Talent is overrated. Geoff Calvin wrote a few years back a book about it. Only by doing hard work you will achieve great things (so they say).
Storytelling is craft.
So you can learn it.
It is about suffering, starting over, enduring a crusade to find the right narrative. But once you see your piece of work evolve from an idea to a compelling story, it is magic.
Storytelling is about learning from other people’s work, getting inspired by other people’s work and create your own visual style.
Here are some great blogs on the art of storytelling.
A medium blogpost by Josh Stearns; director, Journalism & Sustainability for @GRDodge Foundation en formerly Press Freedom Director @freepress. Stearns collects 30 amazing, immersive journalism projects that caught his attention last year.
His remark: This year new digital tools and networks seemed to influence every aspect of the storytelling process. From sensors to structured journalism, crowdsourcing to podcasting, new modes of journalism that have been emerging over the last decade took huge strides forward this year. Communities of practice grew up around new models of storytelling to formalize norms, grapple with ethical and technical questions and tackle issues of sustainability.

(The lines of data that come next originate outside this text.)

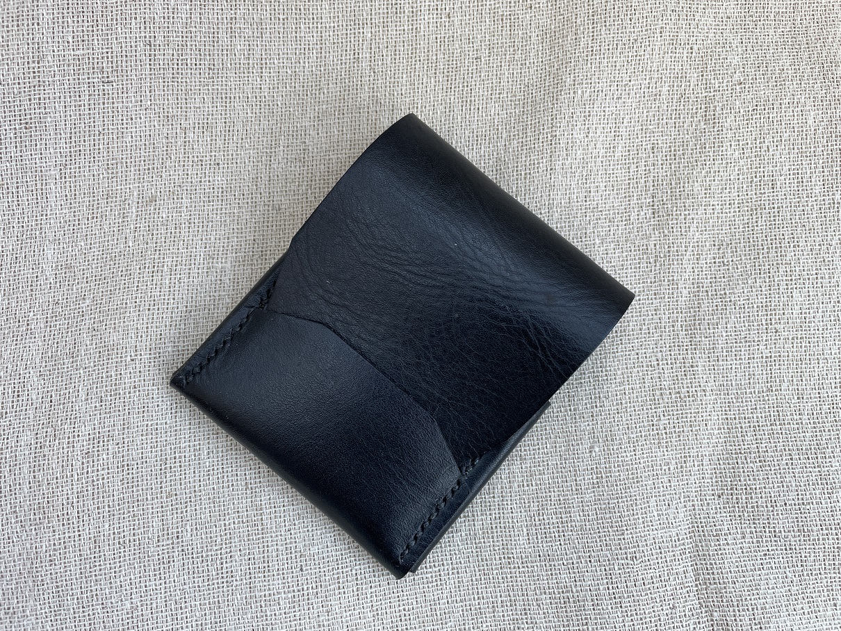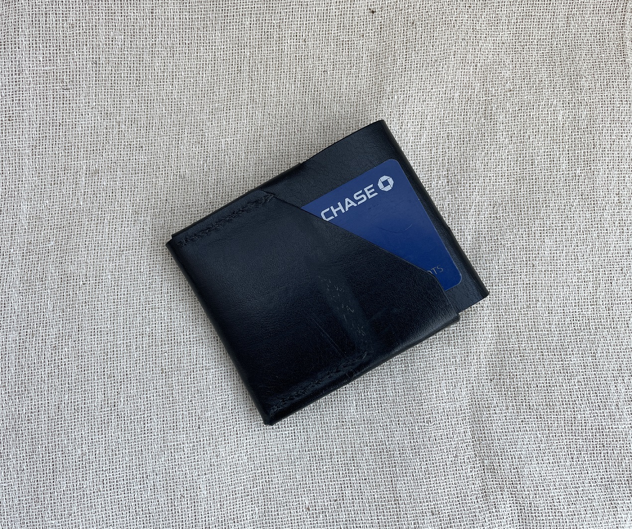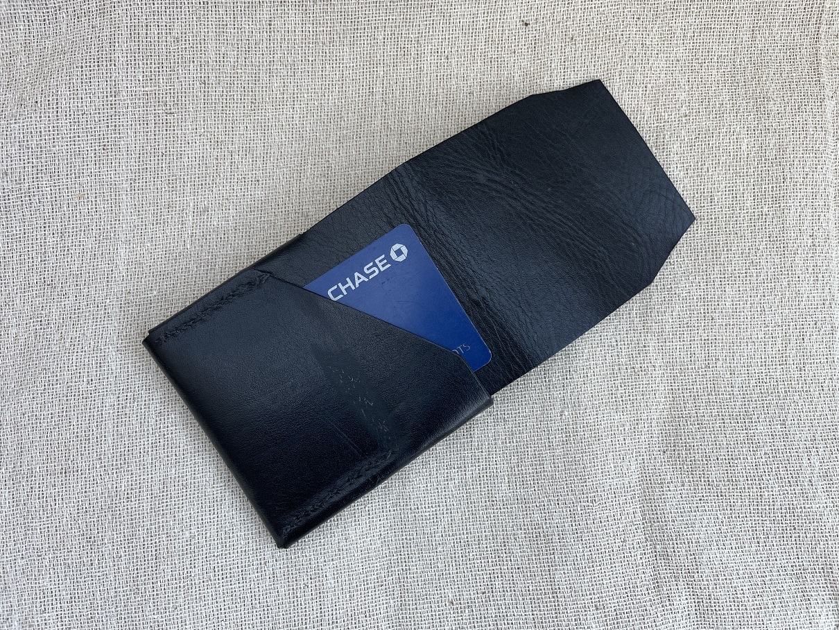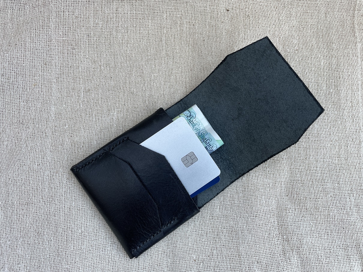 Three pockets for cards and folding notes. Black leather with black thread. Crafted from old leather items that show some wear and tear. Craft: Hand cut and stitched. Material: Repurposed leather. Size folded 100mm x 80mm. Open 190mm x 80mm |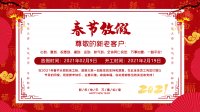 球信网电子2021年放假时间安排: (1) 2 月 9 日至 2 月 18 日放假,共计 10 天。2月19日开始正常上班。 (2) 2 月 18 日(年初七)安排部分业务、跟单、库房人员值班; (3) 2 月 7 日、2 月 20 日为...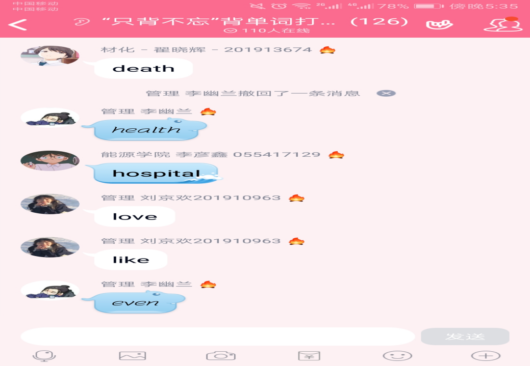 同学们打卡之余的单词接龙互动小游戏

“What sound is to music, is conflict to story.” – Robert McKee
Robert McKee is the most sought after screenwriting lecturer around the globe. He has dedicated the last 30 years to educating and mentoring screenwriters, novelists, playwrights, poets, documentary makers, producers, and directors internationally. Those who have learned from McKee have called him “the Aristotle of our time” because of his insight into the substance, structure, style, and principles of the grand art of story.

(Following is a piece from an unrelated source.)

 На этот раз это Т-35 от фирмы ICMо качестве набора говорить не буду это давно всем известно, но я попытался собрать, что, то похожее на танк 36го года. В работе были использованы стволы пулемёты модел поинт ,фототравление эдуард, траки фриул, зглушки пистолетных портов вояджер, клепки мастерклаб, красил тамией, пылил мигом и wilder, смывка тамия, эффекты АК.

McKee’s former students include over 60 Academy Award Winners, 200 Academy Award Nominees, 200 Emmy Award Winners, 1000 Emmy Award Nominees, 100 WGA (Writers Guild of America) Award Winners, 250 WGA Award Nominees, and 50 DGA (Directors Guild of America) Award Winners, 100 DGA Award Nominees. (from his website)
Mediastorm is a Brooklyn based production company, founded by Brian Storm. They describe themselves as an award-winning film production and interactive design studio whose work gives voice and meaning to the most pressing issues of our time. Our stories demystify complex issues, humanize statistics, and inspire audiences to take action on issues that matter.

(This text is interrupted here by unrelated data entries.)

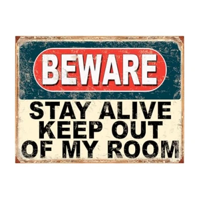 Shawprint Beware Stay Alive Keep Out Of My Room Funny Metal Signs Home Pub Indoor & Outdoor Garden Bar Garage Vintage Wall Plaque Gift Retro (10 x 8)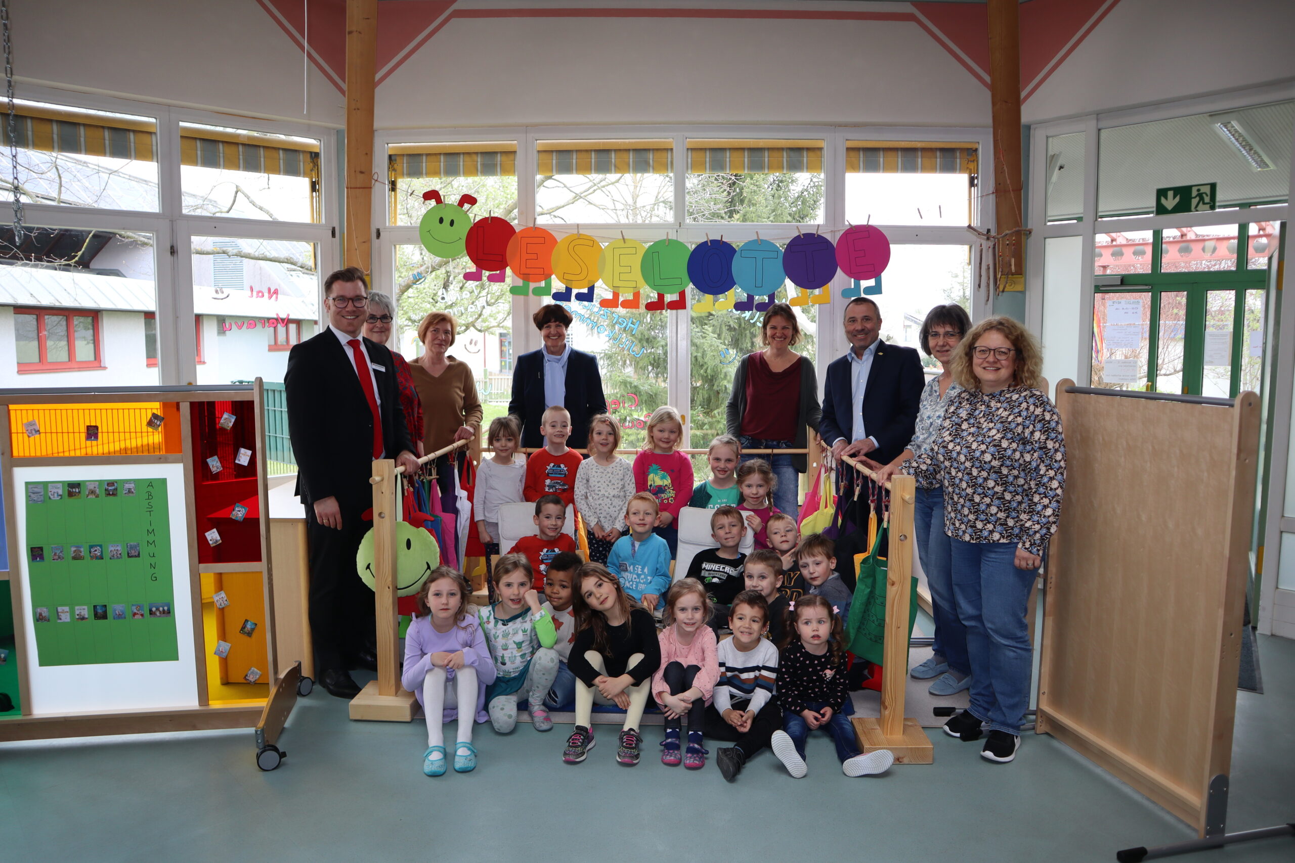 (Stadt Sinsheim): Die Freude von Kindern und Erzieherinnen des städtischen Kindergartens „Regenbogen“ Hilsbach-Weiler über die neuen Bücher ist groß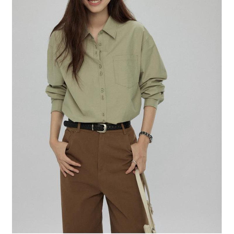 가을 느슨한 간단한 게으른 스타일 하이 엔드 올 매치 재킷을위한 여성용 긴팔 옷깃 셔츠스토어 가기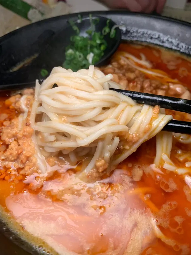 擔擔麵,呢碗麵非常大碗,夠哂我同男朋友一齊食,幼滑嘅麵條,惹味麻辣湯料,伴著豬肉碎、蔥花、花生醬等,再放埋花椒油落去,碗麵一開始唔係好辣,但係愈食愈起勁,每食一啖,都好似有野係條脷上面跳下跳下咁。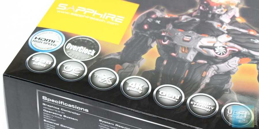 По габаритам и оформлению системы охлаждения карта полностью идентична R9 290X, отличие лишь в том, что маркетологи Saphire решили выделить свое решение среди прочих других с помощью небольшой наклейки.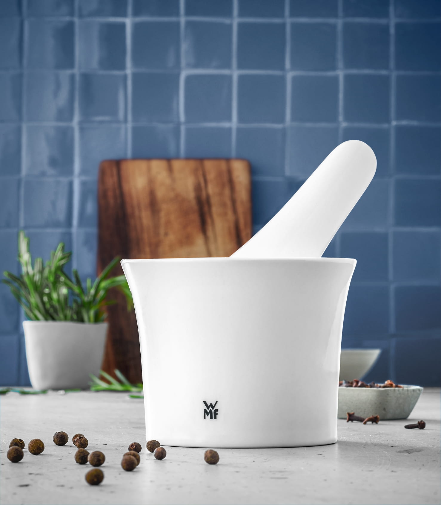 Moździerz z kolekcji Gourmet to klasyczna forma wykonana z wysokiej jakości białej porcelany - która pomoże nam wydobyć nawet najskrytsze aromaty wybranych ziół i przypraw.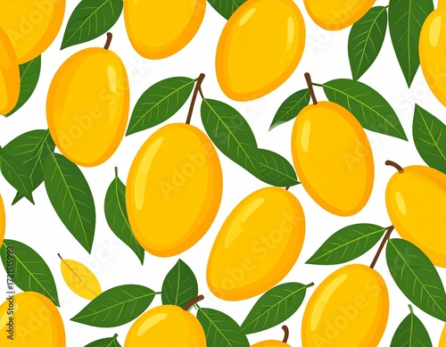 © Halimatus, Obraz premium Fresh Ripe Mangoes Pattern

Mediastorm sets the boundaries in reporting and creating compelling stories, sometimes with interactive graphics.
Bombay Flying Club could be Mediastorm’s little brother. They are also an international and award winning multimedia collective working with high quality photojournalism, DSLR video, interactive media production and storytelling. Their clients are medias, organizations, NGOs, companies and journalistic institutions all over the world.
You might wanna check out ‘California is a place’ too.
A blog and site by David Dunkley Gyimah. Gyimah is a videojournalist avant la lettre. On his blog boundaries between all sorts of platforms disappear and he is keen on participating in the discussion on the future of news. In Germany, David got an International award for videojournalism for his film 8 Days. It featured the UK’s first newspaper journalists attempting to become videojournalists on the UK’s Press Association scheme.